I am going through this paper on the proof (or better conditions) for convergence of CARLA system by Rodriguez et al (2011). Since I do not come from a pure mathematical background, I need some assistance in understanding parts of the proof or some direction towards understanding the proof, as put forth by the author. I'll try to be brief so as to get to the point but feel free to ask me to add parts that may help you answer the question better. The bold text is from the paper and then italic texts are my comments/observations/questions.
We start from certain conditions which we hereby assume to be correct. Given a pdf $f_t(a)$ at time $t$ defined over the action space $A$ such that $a \in A$. Given, the sequence of pdfs generated over time is a Markovian process and the expected value of $f_{t+1}(a)$ is
\begin{equation} \bar{f}_{t+1}(a) = f_t(a) \left( \bar{\gamma}_t + \dfrac{\alpha \hspace{1mm} \bar{G}_t(a)}{f_t(a)} \right) \end{equation}
where $\bar{G}(a) = \int_{-\infty}^{+\infty} f_t(z) \hspace{1mm} \beta_t(z) \hspace{1mm} e^{\dfrac{1}{2} \left( \dfrac{a - z}{\lambda} \right)} dz$
From the above equation, the following holds for the first derivative of this pdf function
\begin{equation} \begin{matrix} \dfrac{\partial f_t}{\partial t} < 0 & \text{for} \left( \bar{\gamma}_t + \dfrac{\alpha \hspace{1mm} \bar{G}_t(a)}{f_t(a)} \right) < 1 \end{matrix} \end{equation}
\begin{equation} \begin{matrix} \dfrac{\partial f_t}{\partial t} = 0 & \text{for} \left( \bar{\gamma}_t + \dfrac{\alpha \hspace{1mm} \bar{G}_t(a)}{f_t(a)} \right) = 1 \end{matrix} \end{equation}
\begin{equation} \begin{matrix} \dfrac{\partial f_t}{\partial t} > 0 & \text{for} \left( \bar{\gamma}_t + \dfrac{\alpha \hspace{1mm} \bar{G}_t(a)}{f_t(a)} \right) > 1 \end{matrix} \end{equation}
Here,
$\bar{\gamma}_t$ is constant $\forall a \in A$ and
$\int_{-\infty}^{+\infty}f(z)dz = 1$.
This implies
$\exists_{b_1,b_2 \in A}$ s.t. $\dfrac{\bar{G}_t(b_1)}{f_t(b_1)} \neq \dfrac{\bar{G}_t(b_2)}{f_t(b_2)}$
$\implies \exists_{A^+, A^- \subset A, A^+ \cap A^- = 0}, \forall _{a^+ \in A^+,a^- \in A^-}$, s.t.

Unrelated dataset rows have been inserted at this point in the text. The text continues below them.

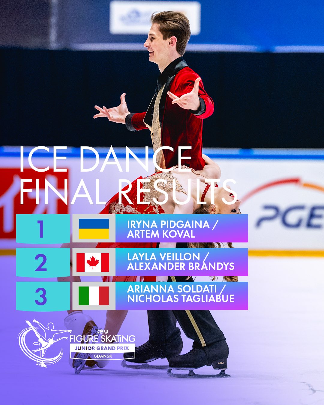 Победителями и обладателями золотых медалей в танцах на льду стали украинцы Ирина Подгайная и Артем Коваль (Iryna PIDGAINA / Artem KOVAL), (164.13). Хорошо откатали произвольный танец под музыку из “Moulin Rouge “.Канадцы Лейла Вейон и Александр Брэндис (Layla VEILLON / Alexander BRANDYS ) – с серебром на втором месте, (161.44).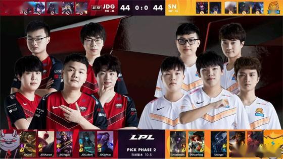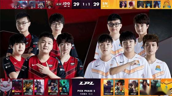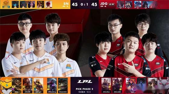 中期SN放弃风龙,同时妖姬打残SN下路组血量,JDG推掉中路一塔,经济领先3千。24分钟牛头在大龙河道开塔里克,卡莉丝塔大招将其收回,盲僧R闪踢回丽桑卓,塔里克大招化解了SN的第一波伤害,虽然皇子框住JDG多人,但SN后续伤害不足,JDG团灭SN稳稳将大龙收入囊中,SN全部外塔和中路水晶失守,经济落后9千,装备与JDG相差甚远。JDG抱团继续推进中路,丽桑卓被集火秒杀,SN三人倒地无力回天,JDG一波结束比赛,1-0暂时领先。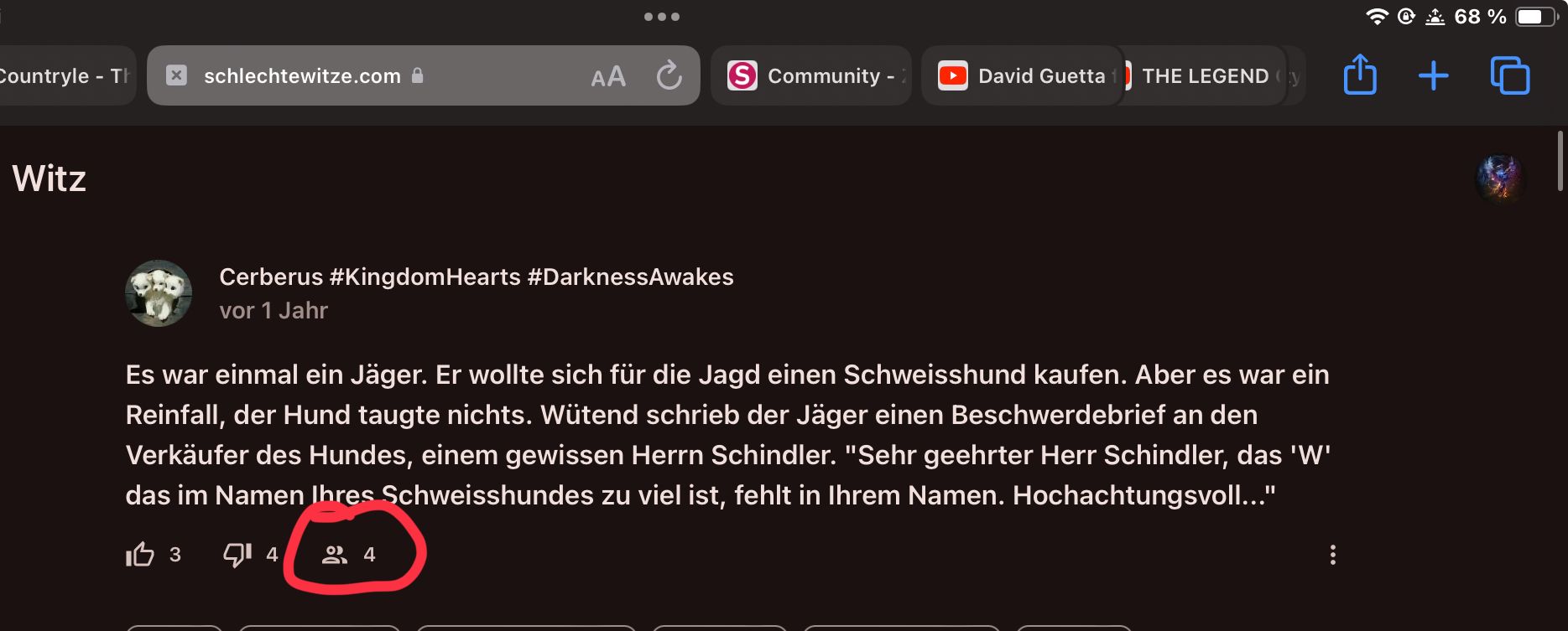 Zumal sie dafür erstmal diesen Witz finden müsste… und die Nachricht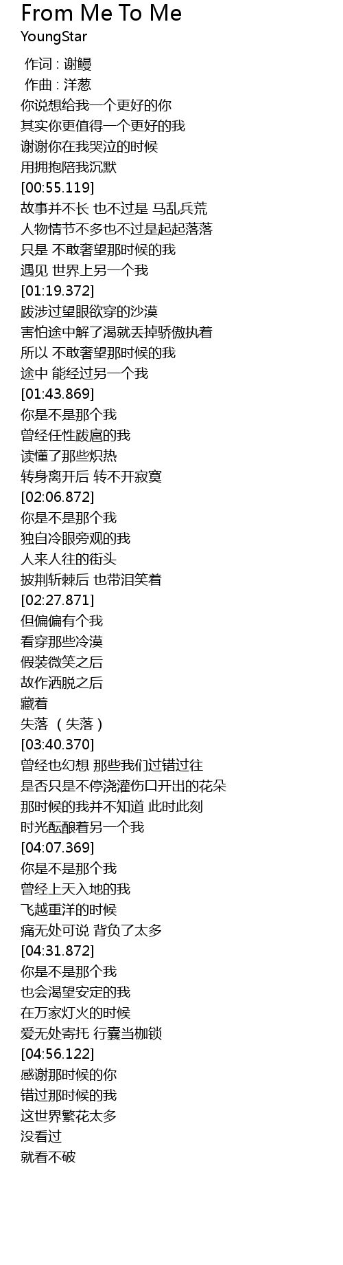 | [01:37.623] | tú zhōng néng jīng guò lìng yí gè wǒ |

$\left(\dfrac{\partial f_t(a^+)}{\partial t} > 0 \right) \land \left( \dfrac{\partial f_t(a^-)}{\partial t} < 0 \right)$.**
Here I suppose it means that given the integral of $f_t(a)$ over $\mathbb{R}$ is unity and $\bar{\gamma}_t$ is a constant, the sign of the first derivative of the pdf is dictated by the value of ratio $\dfrac{\bar{G}_t (a)}{f_t (a)}$, as also expressed later. If this ratio is unequal for two points in the action space $b_1, b_2$, then there are indeed regions where the first derivative is both positive and negative. Is this reasoning correct? Is this some kind of inference from mean-value theorem or something else?
The paper continues,
From logical implication from equation above, it can be assured that the sign of $\dfrac{\partial f_t (a)}{\partial t}$ will be determined by the ratio $\dfrac{\bar{G}_t (a)}{f_t (a)}$. Notice subsets $A^+$ and $A^−$ are composed by the elements of $A$ that have not reached their value for the probability density function in equilibrium with $\bar{G}_t (a)$. That is, the $A^+$ subset is composed by all $a \in A$ is too small with respect to $\bar{G}_t (a)$ and vice versa for $A^−$.
What does this last paragraph mean? What does it mean for the elements of $A$ to not have reached their value for pdf in equilibrium with $\bar{G}_t (a)$?